Background: COVID-19 is known to induce a wide range of symptoms, most likely as a result of fast respiratory deterioration, which
leads to rapid decompensation of the patient's clinical condition. Surprisingly, some patients have both the novel virus and a
secondary bacterial infection, which makes disease management even more difficult.
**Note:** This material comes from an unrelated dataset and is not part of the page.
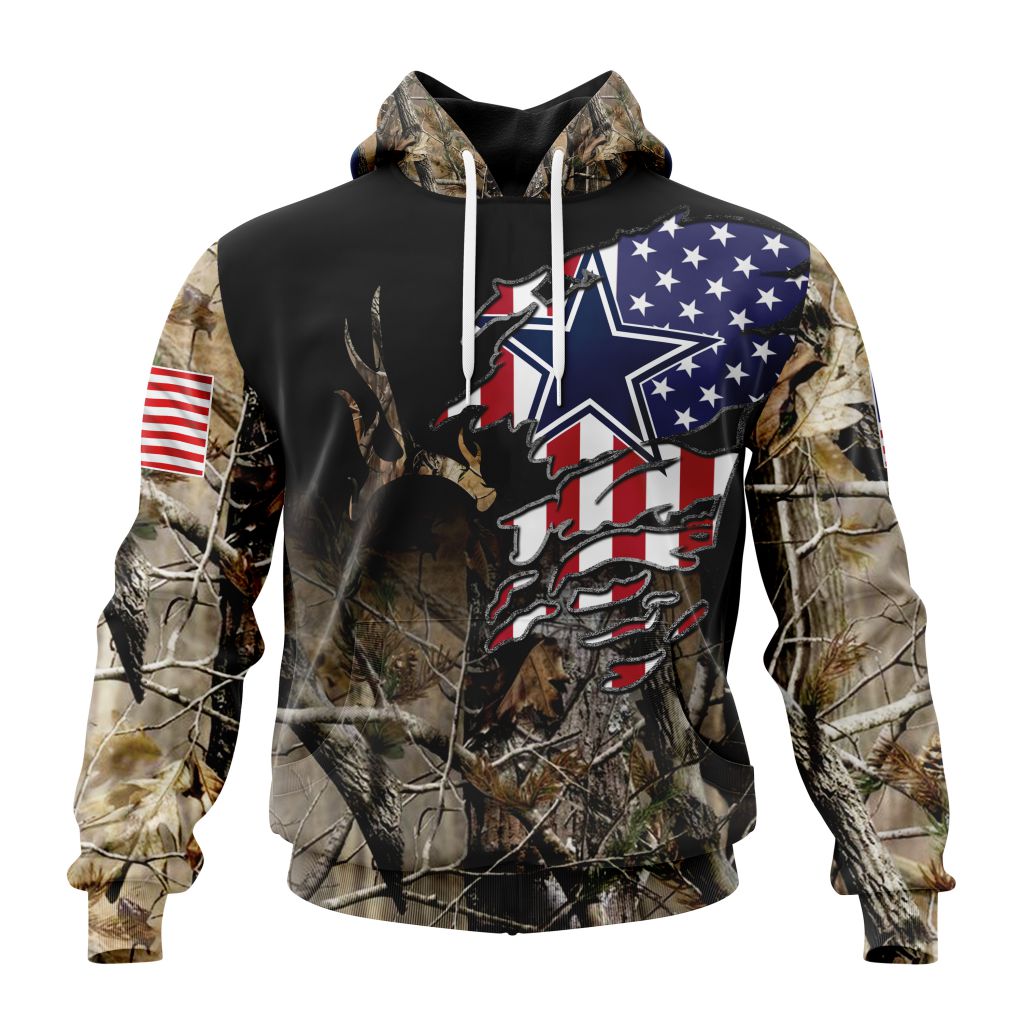 NFL Dallas Cowboys Custom Name Number Camo Realtree Hunting Pullover Hoodie Product Features Along with its Dallas Cowboys graphics, this cozy pullover hoodie features super-soft midweight material. Material: 95% polyester + 5% spandex. The fabric is durable and resistant to wrinkles, shrinking and mildew. Hood with drawstrings. Long sleeve. Front pouch pocket. Midweight hoodie suitable...

Case report: We reported a case of a patient
with a positive polymerase chain reaction (PCR) test for SARS-CoV-2 presenting a rapidly worsening clinical course due to
superimposed pneumonia diagnosed by laboratory markers and radiologic findings. The first Chest X-ray revealed a voluminous
dense homogenous mass located in the middle lobe of the right lung and scattered alveolar opacities in the left lung field. Nonenhanced chest computed tomography (CT) scanner showed nonspecific imaging features of COVID-19 pneumonia by
consolidation with multifocal, diffuse, perihilar ground-glass opacities. Repeated chest X-ray showed this mass on the right is larger
and more prominent of the alveolar opacities scattered across the two lung fields. Conclusion: CT findings are critical in assisting
radiologists in quickly recognizing the characteristics of pulmonary lesions and their consequences. One of the imaging findings
consistent with lung super infection consequences is the advancement of consolidation and multifocal nodular opacities, which
presents the clinical symptom and laboratory testing required in these individuals.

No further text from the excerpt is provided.